Children's Books

The Story Of The World Cup

Written by Sam Skelding

Picture books should be well-illustrated, interesting and possess plenty of wit. Richard Brassey’s The Story of the World Cup is the ideal concoction of all three – keeping this football aficionado torn between genuine curiosity and laughter. When we consider that World Cup fever will soon be sweeping the nation ahead of this summer’s tournament in Brazil, this simple book also has something else very much on its side, impeccable timing.

Football is ingrained in British culture and for many households it has even become a way of life, but the brilliance of this book is that not only will the pages be devoured by ‘footie families’ across the country but literally anyone can enjoy it.

The images are colourful and the layout reminiscent of a comic book; a style very much in keeping with Brassey’s previous non-fiction books for children, which include The Story of the Olympics, Nessie and the Loch Ness Monster and the Tes/Saltire Society Award-winning The Story of Scotland.

The pages are jam-packed with information about the iconic tournament and all the wonderful stories that have surrounded the Jules Rimet Trophy over the years, from Pickles the dog discovering it under a holly bush in 1966 to the novelty of Chris Waddle’s questionable mullet in the 80’s. This book also really excels in the picture/words balance, where despite being a never-ending lagoon of historical fact, the humour retains enough simplicity to encourage youngsters to read independently.

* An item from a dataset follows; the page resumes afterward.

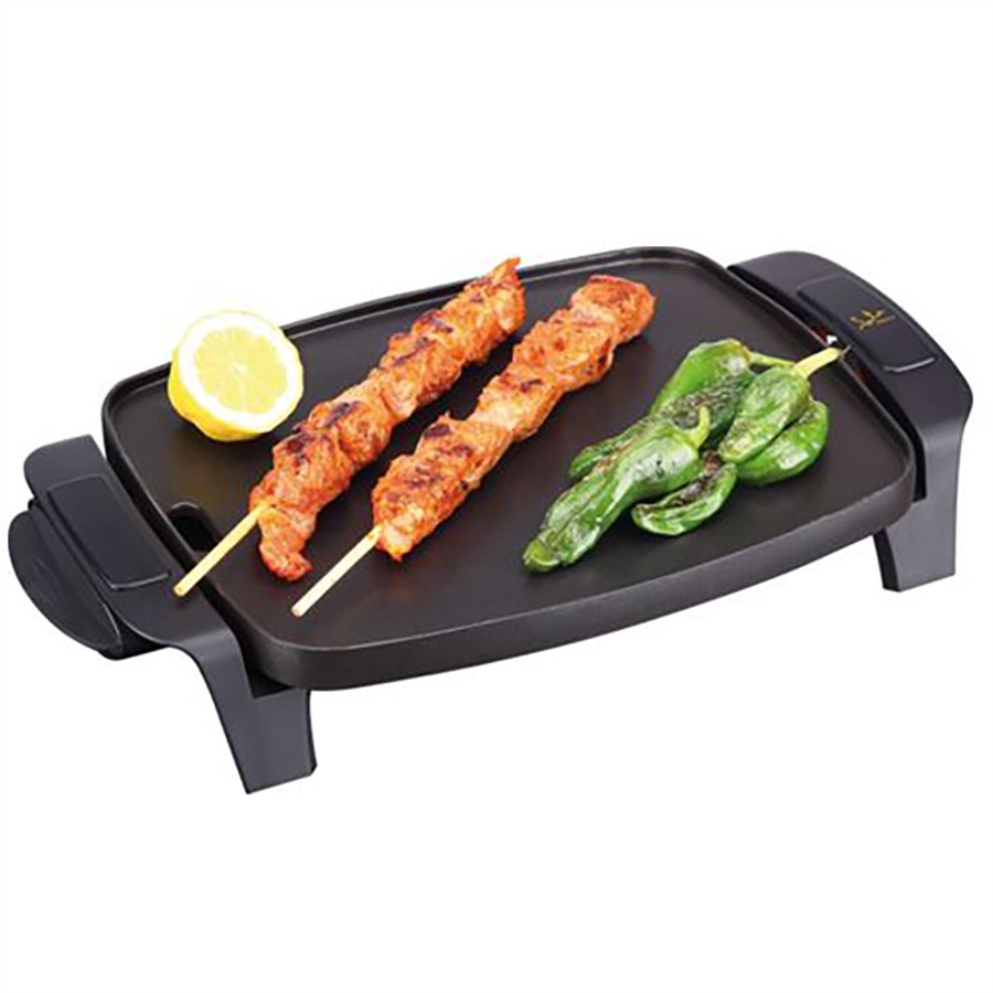The Jata GR205 electric roasting griddle features a durable Durastone non-stick surface that resists scratches and cleans easily. The cooking area measures 28 x 22 cm and includes a removable thermostat for precise temperature control. Cool-touch handles, a built-in sauce tray, and a dishwasher-safe design make it both safe and practical for everyday use. Powered at 1,000 W and crafted in Spain, this griddle brings effortless grilling right into your kitchen.

This book could really inspire a great connection between parents and their little ones – if they already love their football then not long after reading this, you’ll have them bombarding you with questions about whether you remember Roberto Baggio or recall when Maradona scored that infamous ‘Hand of God’ goal against England in 1986. Boys in particular seem to have an affinity for facts and this interaction could be a learning experience for you all. Not to mention, for those parents who aren’t as comfortable reading the generic topics usually found in children’s picture books, this might be a pretty useful starting point.

Perfect for reluctant readers, perhaps especially those young lads who are ‘too cool to read’ – The Story of the World Cup has achieved that great blend of warm visuals and educational value. The World Cup may not officially begin until June 12th with Brazil hosting Croatia, but as far as I’m concerned, this book signals that the countdown has already begun.